More on that live show: early in two-thousand-and-something the Prince Bandroom merch stand was decked out with tees emblazoned with “SLAY BELLS”. It’s a homonym, geddit? Fucking genius! Then, after all support acts cancelled for some reason, the band walked onstage to Slayer’s Raining Blood. Sleigh, slay, Slayer – genius! The slow-build intro of the song dissipated disappointingly into whichever track from Treats while half of the Sleigh Bells binary mugged in front of a wall of Marshalls (pretending the backing track wasn’t at the forefront of the mix), and the other half peddled her cheerleader schtick to the packed bandroom. Little more than 20 minutes later, it was all over. The crowd weren’t begging for more, they were just begging for something. “We’ll get the DJ to play some Slayer!” declared Alexis Krauss to the then-sated masses. The DJ didn’t comply. But that affinity, not to be mistaken for influence, of Slayer has manifested into Reign Of Terror (Reign In Blood, Reign Of Terror – geddit?).

The hip hop party beat which defined Crown On The Ground has made way for an elongated double-kick sample, which is placed arbitrarily throughout the record.

The album opens with True Shred Guitar – which, despite its title, sounds like some 14-year-old dicking around at Billy Hyde because his mum is forcing him to learn an instrument.

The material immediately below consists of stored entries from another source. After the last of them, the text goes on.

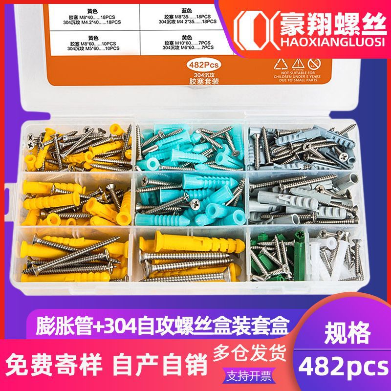 304ステンレス沈頭タッピングねじ膨張管セットグリーンゴム栓膨張ねじセット482pcs
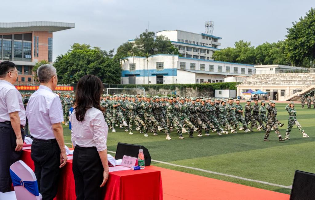 邹采荣书记、校长作了讲话,他指出,全体新生按照军训计划,刻苦训练、顽强拼搏,培养了爱国主义精神,培养了自律意识,培养了集体主义观念,军训效果非常显著,对承训单位广州市黄埔区人民武装部和全体教官表示衷心感谢。
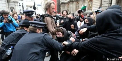 В центр британской столицы в настоящее время стягиваются дополнительные подразделения полиции в связи с антикапиталистической демонстрацией.
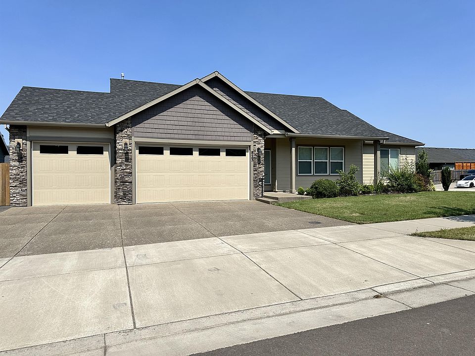 Like new, single level home with 3 car garage in Pioneer Village, Silverton. Large great room with vaulted ceiling and gas fireplace. Primary bedroom privately located on opposite end of other bedrooms. All kitchen appliances included. Washer and Dryer included. Fenced backyard, covered patio, gas BB. Tenant pays all utilities and responsible for landscaping.
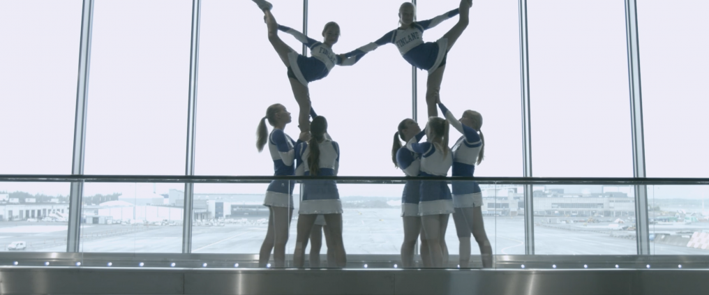 Rauhallinen aamupäivä Helsinki-Vantaan uudessa eteläsiivessa sai nostetta, kun odotushallin ilman valtasivat helsinkiläisen cheerleading-seura HAC:n edustusjoukkueen urheilijat.
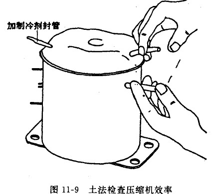若加制冷劑無效,可將制冷劑抽出(另用壓縮機(jī)抽),割斷泵殼上的吸、排氣管,然后接電源運(yùn)轉(zhuǎn),用手指按住排氣管讓壓縮機(jī)壓氣,當(dāng)壓氣至手指按不住氣壓,再用手指按住吸氣管感覺有吸力,一般認(rèn)為壓縮機(jī)是可以用的,如圖11-9所示。

The rest of the record doesn’t really differ – Derek produces shitty tones without resembling artistry, Alexis delivers her raspy-rap vocals without sounding interested, and funnily enough, nothing artistic or interesting happens.

While I’m not vehemently opposed to singers that can’t sing and guitarists that can’t play guitar, it’s just that Sleigh Bells don’t have anything else to offer on Reign Of Terror. There aren’t really any songs on the record, just the musical bi-product of the Human Centipede being fed Rain In Blood foie gras style over and over again.